If our goal is to grow our audiences again – not merely milk the ones we have – we have to engage consumers. We have to give them what they want, when, where and how they want it.

Yes, it’s not easy. Innovation never is.

But doing nothing – or hiding behind a paywall – merely guarantees a slow, lingering death for newspapers. That’s unfair to shareholders, to employees – and ultimately to the communities we serve.

Why the Newsday paywall is irrelevant

Much kerfuffle – and more derision than warranted – erupted earlier this week when the New York Observer reported that Newsday has sold only 35 online-access subscriptions since it walled off the site last October.

There was astonishment at the low numbers:

“Michael Amon, a social services reporter, asked for clarification. “I heard you say 35 people,” he said, from Newsday‘s auditorium in Melville. “Is that number correct?” [Publisher Terry] Jimenez nodded.

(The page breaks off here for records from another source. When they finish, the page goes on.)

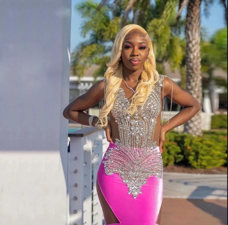 Hot Pink Velvet Mermaid Prom Dresses African Women Glitter Crystals Beads Black Girls Plus Size Evening Occasion Gowns
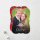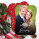 This modern and simple holiday/christmas wedding announcement card features the word 'Married Little Christmas' in trendy calligraphy script and sans serif mix stacked typography overlaying a full bleed photo.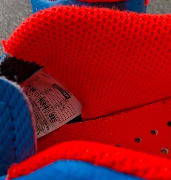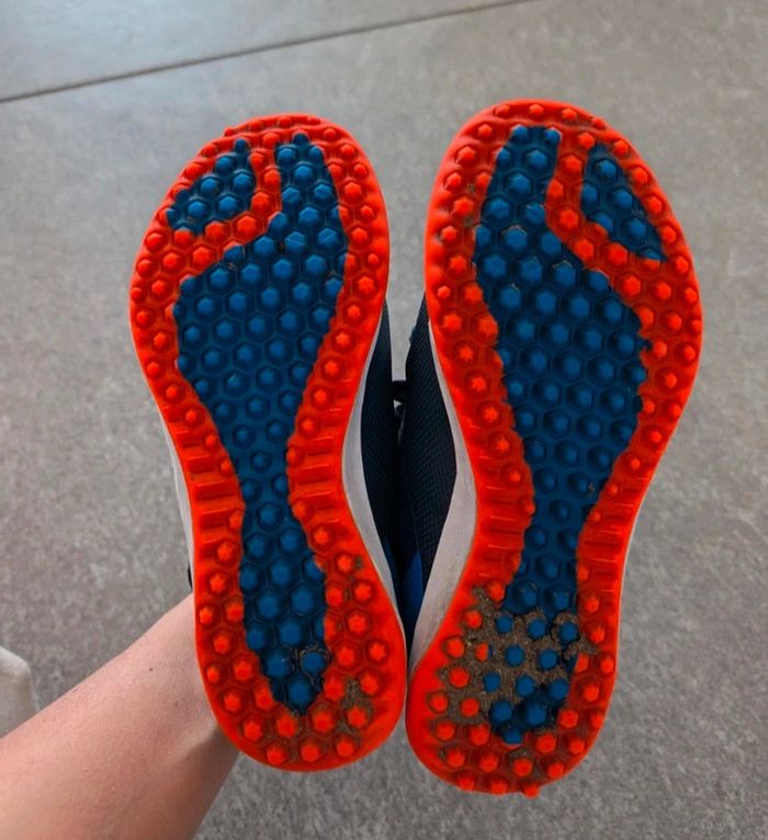 Chaussures de foot d'intérieur À enfiler et scratchs Taille 32 Blanc, bleu marine et orange Marque Kipsta by Decathlon Chaussures de foot Football #tiffanyostertag_garçon6ans #tiffanyostertag_garçon7ans #tiffanyostertag_chaussuresgarçon32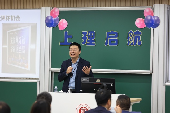 盛春、周璐璐、瞿新华和成守正共同启动“上理启航”讲堂。首届“上理启航”学生生涯导师代表江南春以“存量博弈下的品牌增长密码”为题,作了“上理启航”讲堂第一讲报告,他运用详实的案例和精妙的比喻,系统剖析了存量博弈时代下的商战本质,阐述了中国品牌引爆的五大趋势。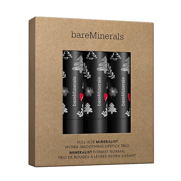 Trio de batons veganos em três tons inspirados nas festas. Feito com apenas 19 ingredientes limpos, proporcionam uma grande cobertura, hidratação e cor. Cada um vem em um estojo especial feito com alumínio reciclado pós-consumo e com um design festivo.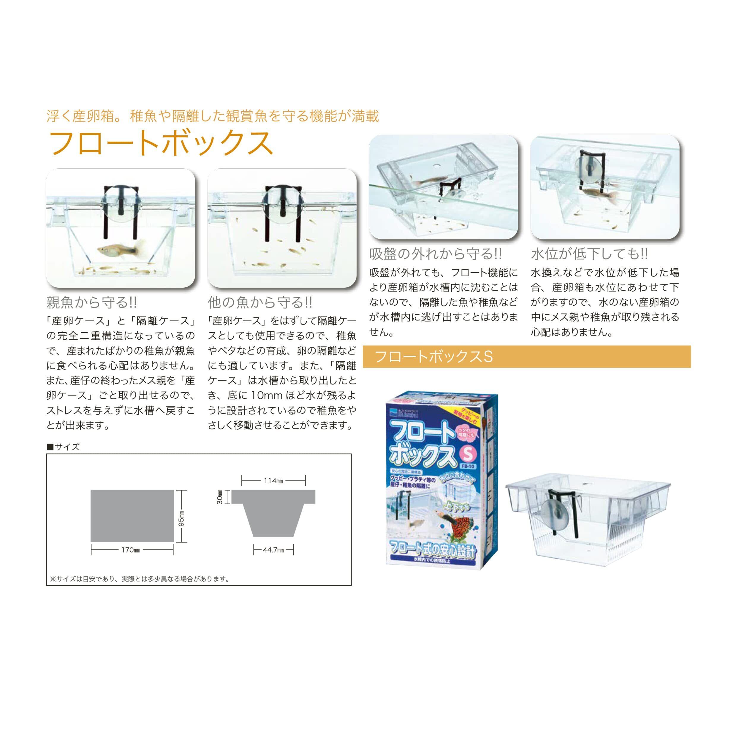 もしも吸盤が外れても、フロート機能により産卵箱が水槽内に沈むことはないので、隔離した魚や稚魚などが水槽内に逃げ出すことはありません。
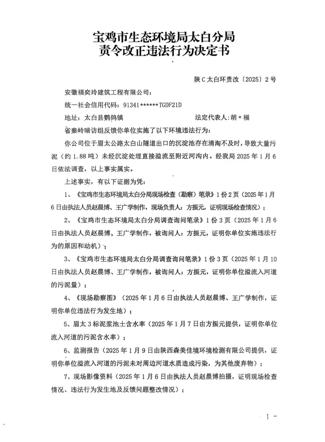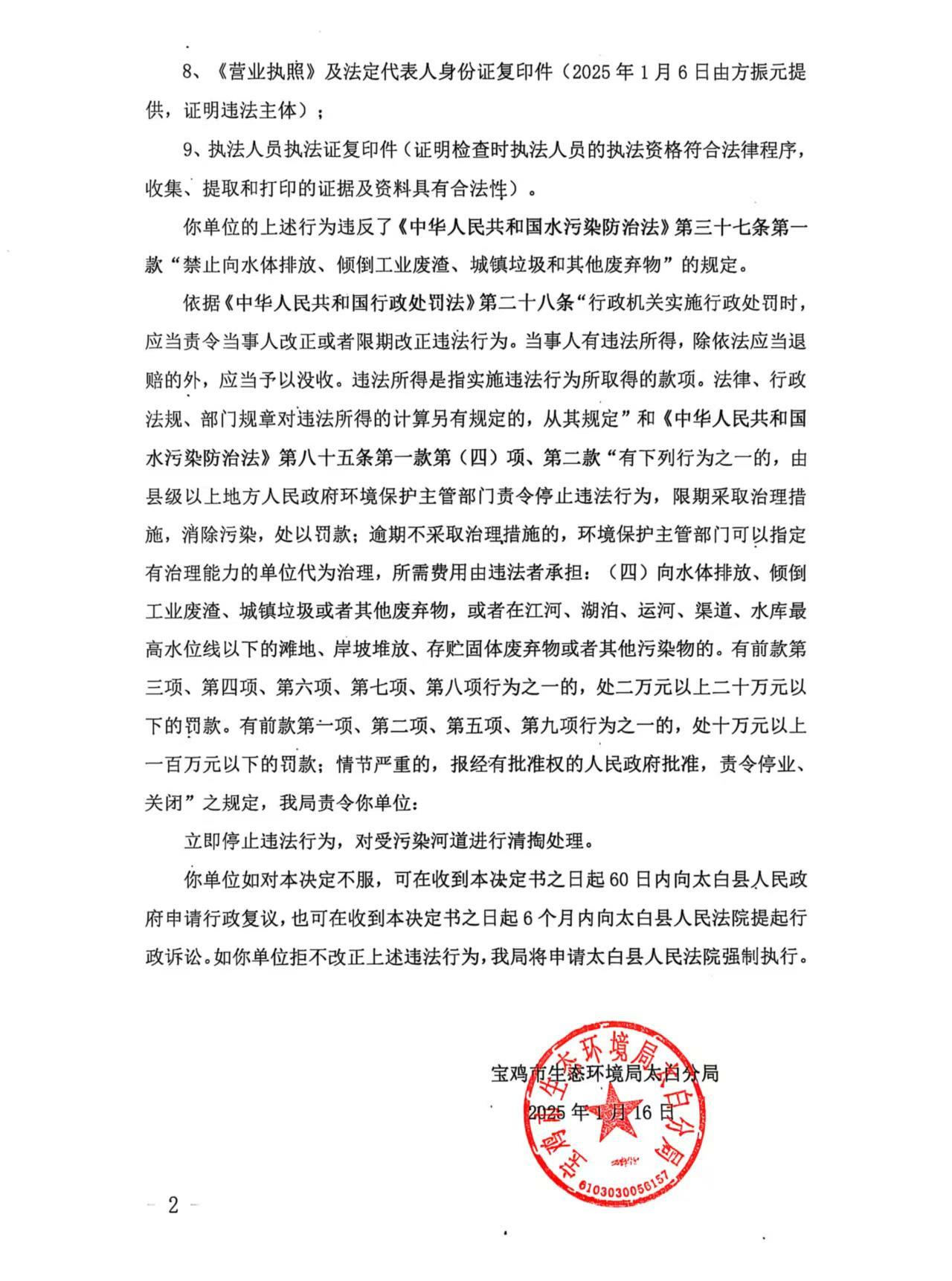 网赌平台太白分局责令改正违法行为决定书陕C太白环责改〔2025〕2号

There was hand-wringing: The Observer’s John Koblin archly observed that Newsday.com’s relaunch and redesign last year cost $4 million … to gross $9,000 in revenue.

That analysis is technically correct, and utterly wrong. Ultimately, that’s why neither side in the Great Paywall Religious War should waste any time thinking about it.

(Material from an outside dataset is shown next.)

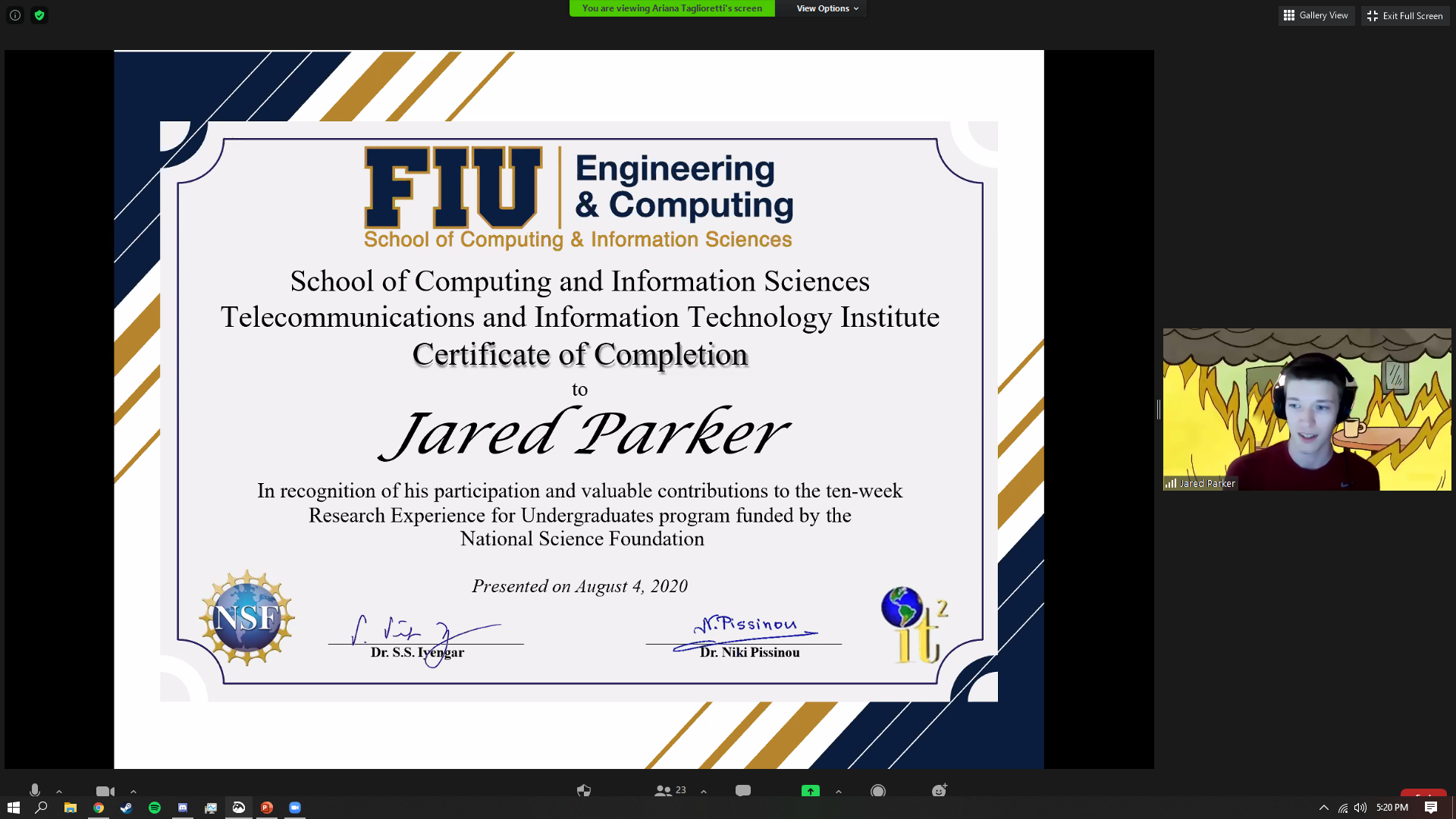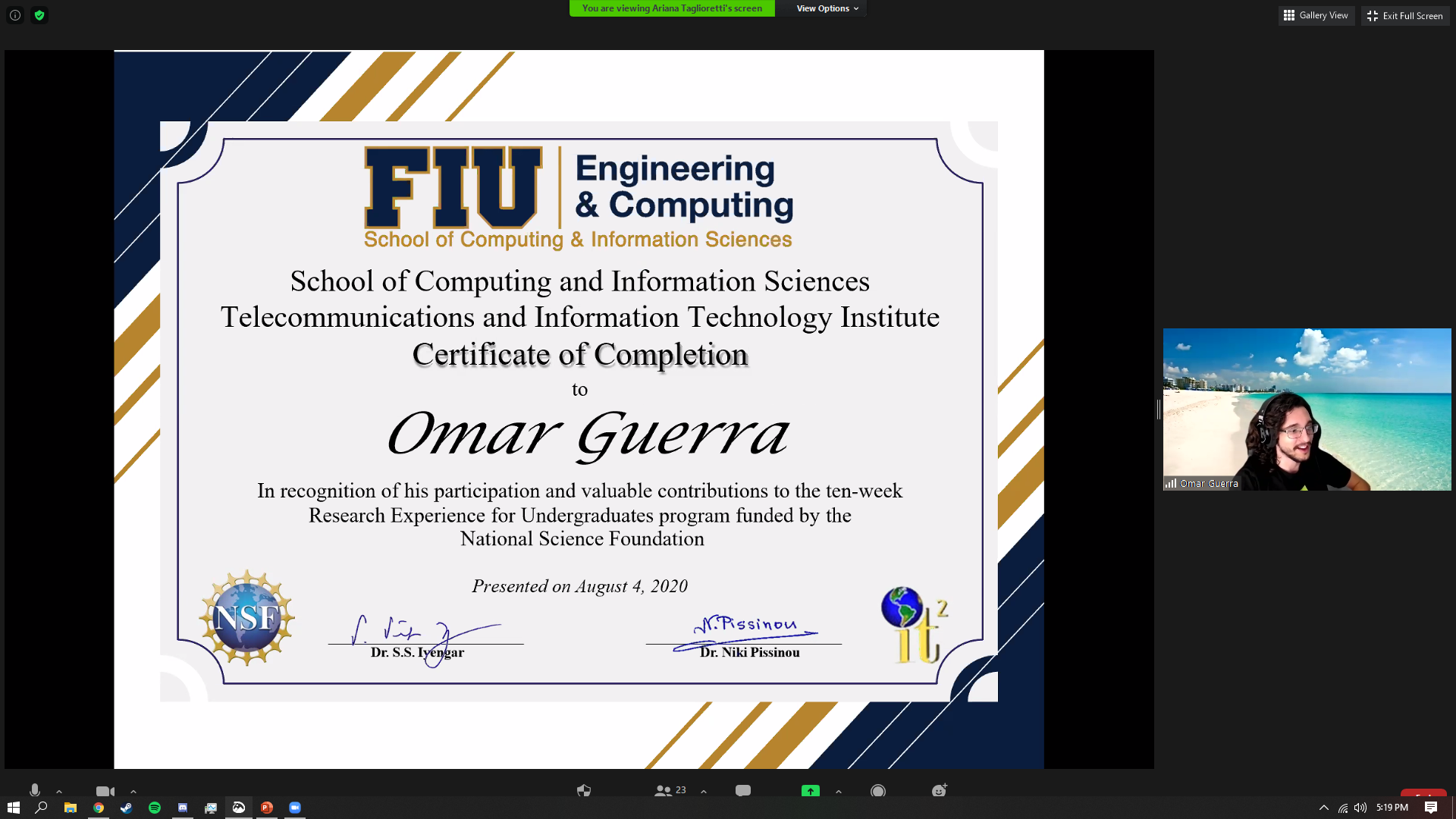 | Eric Perez | Florida International University | Lightweight Sensorchain | Dr. Niki Pissinou |

Newsday’s pay wall isn’t about making online-subscription revenue. It’s only partially an attempt to protect print circulation. It’s all about protecting one of the most lucrative businesses around – high-speed Internet access.

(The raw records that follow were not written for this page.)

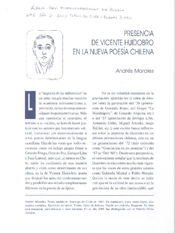 Autores chilenos - Presencia de Vicente Huidobro en la nueva poesía chilena - Huidobro, Vicente - Morales, Andrés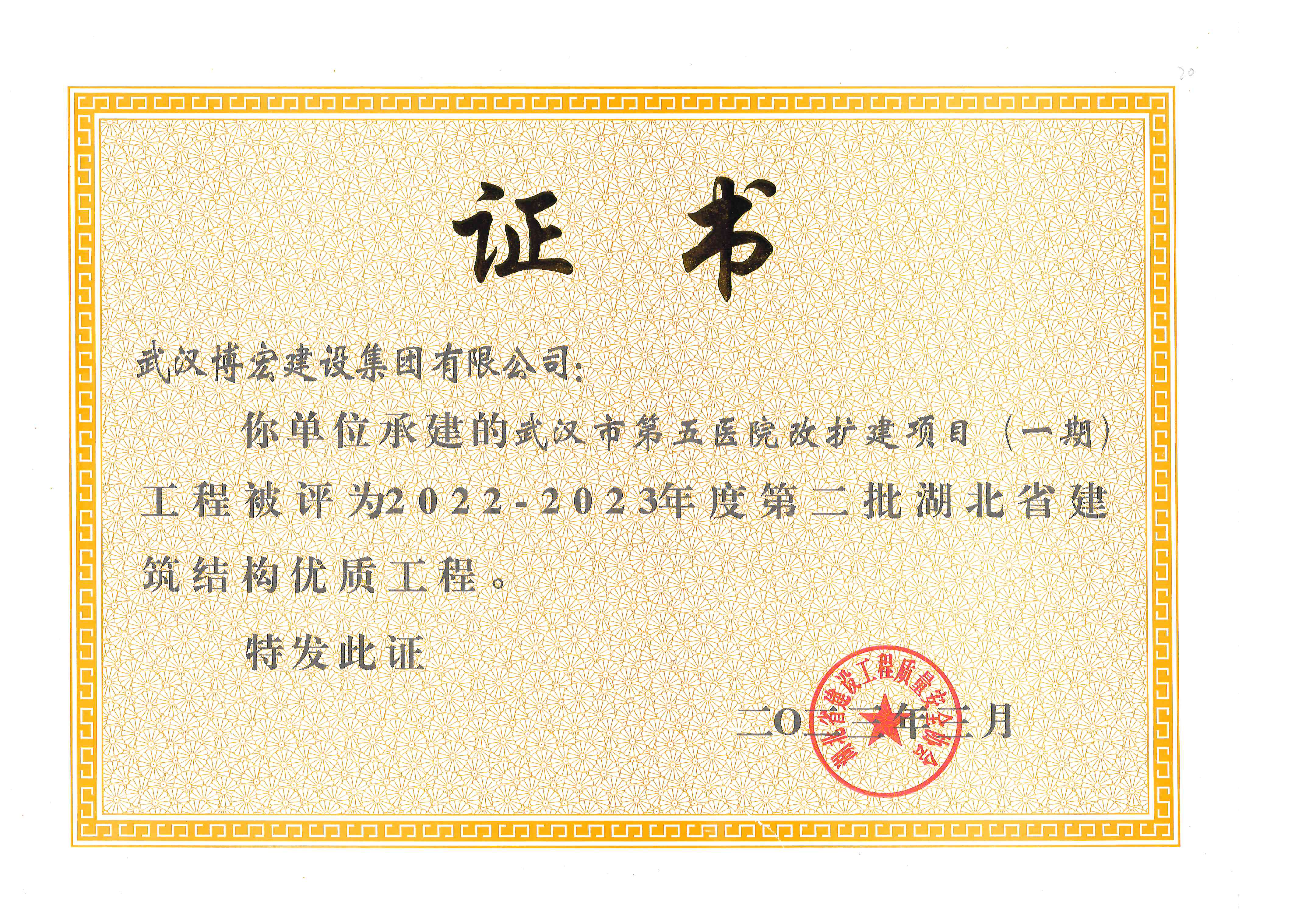 近日,湖北省住建廳2022—2023年度第二批湖北省建筑結(jié)構(gòu)優(yōu)質(zhì)工程項(xiàng)目名單出爐,由博宏建設(shè)集團(tuán)承建的武漢市第五醫(yī)院改擴(kuò)建項(xiàng)目(一期)、新建居住項(xiàng)目(長(zhǎng)投·長(zhǎng)河九里一期)(二標(biāo)段)3#、5#樓榮獲湖北省建筑結(jié)構(gòu)優(yōu)質(zhì)工程獎(jiǎng)。“湖北省建筑結(jié)構(gòu)優(yōu)質(zhì)工程獎(jiǎng)”是湖北省建筑結(jié)構(gòu)工程領(lǐng)域的最高獎(jiǎng)項(xiàng),獲得該獎(jiǎng)項(xiàng)標(biāo)志著該項(xiàng)目在工程結(jié)構(gòu)設(shè)計(jì)、工程施工管理、材料供應(yīng)保證、過(guò)程質(zhì)量控制等方面均達(dá)到省級(jí)領(lǐng)先水平。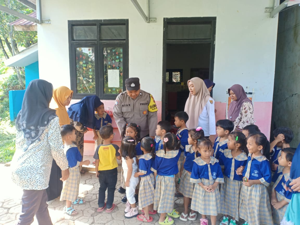 Pada kesempatan menyambangi Paud tersebut, anak-anak asyik belajar dengan dibimbing para guru pengajar yang mendampinginya. Kehadiran Bhabinkamtibmas Briptu Subi disambut dengan ceria oleh anak-anak Paud.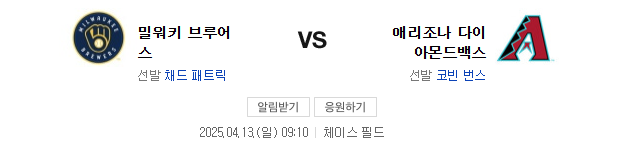 이번 경기는 밀워키 브루어스의 홈구장인 밀러 파크에서 열리며, 애리조나 다이아몬드백스와의 맞대결입니다. 두 팀 모두 시즌 초반부터 좋은 성적을 내고 있어, 팬들의 관심이 집중되고 있습니다. 특히, 밀워키는 강력한 투수진을 보유하고 있어 기대가 큽니다.

The paywall rules first: The only people who get unfettered access to newsday.com are Newsday print subscribers (there’s the modest defense for print circ) and/or subscribers to the Optimum Online high-speed Internet service provided by Cablevision, Newsday’s owner.

Let’s do the math that the Observer, the grumblers in the Newsday newsroom, and just about every blogger out there didn’t bother to do. (I was hoping Alan Mutter would do it for me – lord knows he’s great at it – but he was writing about the iPad today.)

First, understand the economics of the cable-television business: Most of the costs are in stringing the wire past your house. (Lump in the copper or fiber itself, the equipment back at the cable headend and the labor to keep it all running.)

Depending on how tightly houses are packed, it all can run from a few hundred to as much as $1,500 “per household passed” in cable slang.

Oh – Cablevision pays that whether you subscribe or not. Every neighborhood they try to serve is a massive sunk cost.

Now let’s look at the revenue side of the cable business: A subscriber in my wife’s ancestral homeland of Massapequa might pay $50 a month for basic cable. But Cablevision has to share that revenue with the programmers – a few pennies per month per subscriber for niche channels like National Geographic, but more than $3 a month for behemoths like ESPN. Basic cable is a nice business, but not an obscene one.

The obscene ones are those the cable companies entered in the last decade: digital telephone service, and high-speed Internet. They had to upgrade their wiring – and for a company like Cablevision, that meant shelling out billions. But once they did, they could offer bundles of service with essentially zero added cost.

Think about that for a second: They already paid for the wires past your house. If they can get you to sign up, they collect $30 to $40 a month for high-speed Internet. Their cost? A few pennies in FCC fees (oh, wait – they add those onto your bill!), a few more pennies to print the bill (oh, wait – they’re bribing you to “go green!”), maybe 40 bucks once for the cable modem (that’s why they give it to you!).

Let’s round it down and say that every Cablevision high-speed customer is worth $400 a year in profit.

That’s a fabulous business. Until, say, Verizon FiOS comes to town with a competitive product.

So the math gets really simple: If FiOs can convince a mere 100,000 people on Long Island to switch, Cablevision loses $40 million a year in profits.

If you’re Cablevision, you use every tool at your disposal to stop that. Even the blunt cudgel of a pay wall at Newsday.

I have no particular love for the spinmeisters at Cablevision, but the math backs up their words: the paywall strategy at Newsday is designed “to provide Cablevision’s high-speed Internet customers with reasons to remain with Cablevision, reasons to return to Cablevision, or reasons to choose Cablevision.”